One of the first tests I had done after it was confirmed I had cancer was a bone scan. I was terrified for more reasons than one and was shaking as the technician injected my veins with some sort of radioactive substance. I hated that I was being injected with something that I didn’t understand at the time and I hated feeling vulnerable and having no idea of what was coming next. The man who did the injection was an ex-military member, huge, and very intimidating to look at but he ended up being one of two angels in disguise I met that day. He was so kind, made me laugh, explained the process, and showed me the machine. After the injection I had to wait two hours as the substance circulated through my body. When I came back, he helped me onto the machine and because I am claustrophobic, he stayed with me in the room. The machine, however, turned out to be rather slow so he eventually needed to tend to some other duties and asked another technician to sit with me. I was motionless on the table and in complete silence because I was too afraid to talk in case it messed up the results.
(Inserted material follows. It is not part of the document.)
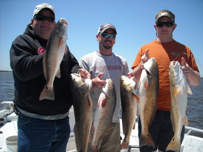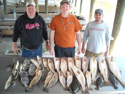 Knew it was going to be tough day with 20 to 25 mph West wind and Low tide, But Alan, Justin, and Jason had planned this trip months ago and came from Georgia to fish so we were going to fish and do our best. Things started out good first area 2 reds in the boat. Several stops and few hours later we only had 3 reds and a flounder. Wind was howling and dirty water everywhere. Told the guy's we were going to make a big move deeper in the marsh and find some cleaner water. Got some better water couple of spots not a bite then we hit pay dirt. Clean moving water tide falling out of a drain fish on a nice red finally at 11:45. We stayed right in that area only moving the boat down the bank a little and filled out our limit of reds along with few trout ,drum, and 2 flounder, Talk about a down to the wire finish. I have to praise Alan, Justin, and Jason they fished hard and did not com-plain about the conditions and were rewarded with box full of fish. All fish caught with dead shrimp or live minnows under a cork.

Once the bulk of the machine was well past my face and over my abdomen however I managed a little whisper and asked the technician if I was allowed to talk. He laughed and said yes. I started asking him questions about the next test I would have to get in a couple of days, which was an MRI. The MRI also terrified me because I am extremely claustrophobic and I told him this. The man was quiet for a moment and then said thoughtfully, “You just need to reframe the way you look at it and be thankful we have such amazing technology. It’s saving a lot of lives.”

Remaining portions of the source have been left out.